I'll preface this by saying that I have not read Frank Herbert's novel. I did see the 1984 adaption, mainly for the shot of Sting wearing that green winged jockstrap... 

...and mercifully managed to block out everything else. So I came to this movie fairly unspoiled, although I have gleaned the basics of the plot over the years just from what's been written about the book. 

The main reason I wanted to see this movie was the director, Denis Villeneuve. He directed a bonafide SF classic in Arrival, and I am also very fond of his Blade Runner 2049 (which puts me in the minority, I believe). This movie reminded me a bit of Arrival, especially in the beginning, but as the film progressed I realized it was more like Blade Runner 2049, with its leisurely pace and scenes that are allowed to breathe. (This is not to say boring, at least for me. I wasn't bored by Dune, any more than Blade Runner.) I'm wondering if the same cinematographer was used for both, because a lot of the shots were constructed in similar ways.

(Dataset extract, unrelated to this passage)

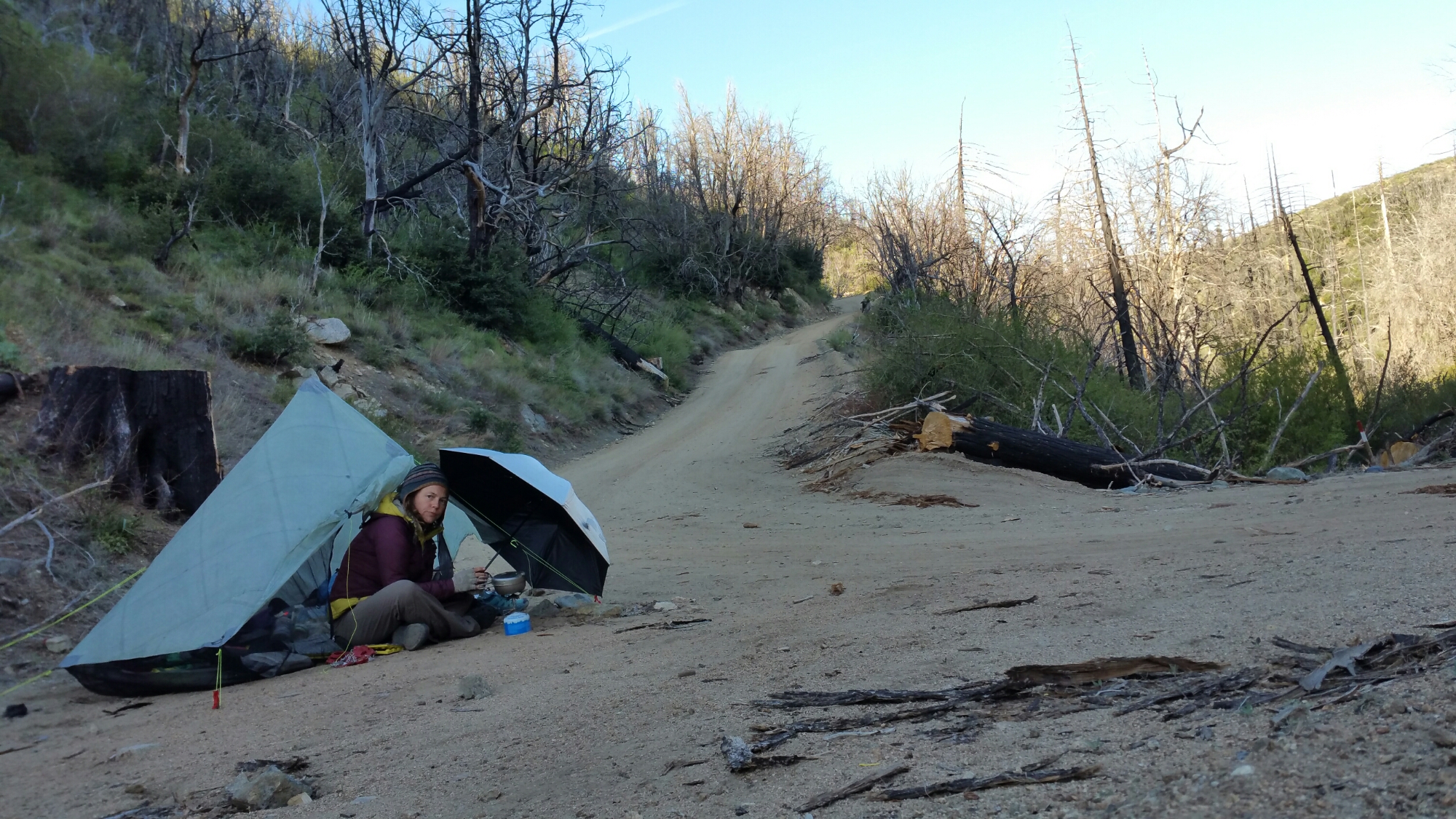 And that is me using my umbrella as a wind shiled to heat water for coffee, as it was a windy night. Day number 29 was not going to be a record day of any kind, but I was determined to hike the 19 miles to Acton, where there was a KOA campground. I never thought I would be so excited to get to a KOA, but believe me, I was!

I know some people were complaining about his insistence that Dune should be seen on the big screen, but in this case I think he was right. I can't imagine trying to watch this movie on a tablet or--heaven forbid!--a phone. The way the shots are set up, emphasizing the terrible beauty of Arrakis with its endless dunes rolling over the horizon, the huge ships of House Atreides that fill the screen from corner to corner (and that gorgeous shot of the ship coming out of the water on their home planet), and not to mention the scene of the worm rearing up out of the sand and staring Paul down...this film is made for the big screen. 

This movie is nearly three hours long. I didn't look at my watch once all the way through it, and I didn't fall asleep. I guess it could be construed as slow, but to my way of thinking it was more deliberate. The director clearly knew where he was going and was confident enough in the material to take his time getting there. Timothee Chalamet, of course, was top billed as Paul Atreides, but in a sneaky way, Rebecca Ferguson's Jessica was really the protagonist. It was her scheming and insistence on bearing a son in defiance of the Bene Gesserit, and that son apparently being the culmination of their centuries-old breeding program, that set everything in motion. 

The only thing that bugged me about this movie was the sound mix. It was...less than stellar, shall we say? I always stick my fingers in my ears through the previews before any film, because in almost every theater I've been in, they're just so damned loud. I don't expect to do that with the feature itself, but I did with this one, in several spots. Fer gosh sake, people, when putting this film together did no one say "dial it down a bit?" The soundtrack was excellent, dark and brooding synthesizer-based music that complemented the story perfectly, but it overwhelmed the dialogue in a couple of places. I've already made up my mind to buy the Blu-Ray when it comes out, but I'll also be looking forward to the subtitles to catch what I missed. 

For my money, this is the SF film of the year so far. I hope it does well and Denis Villeneuve gets to make Dune Part II.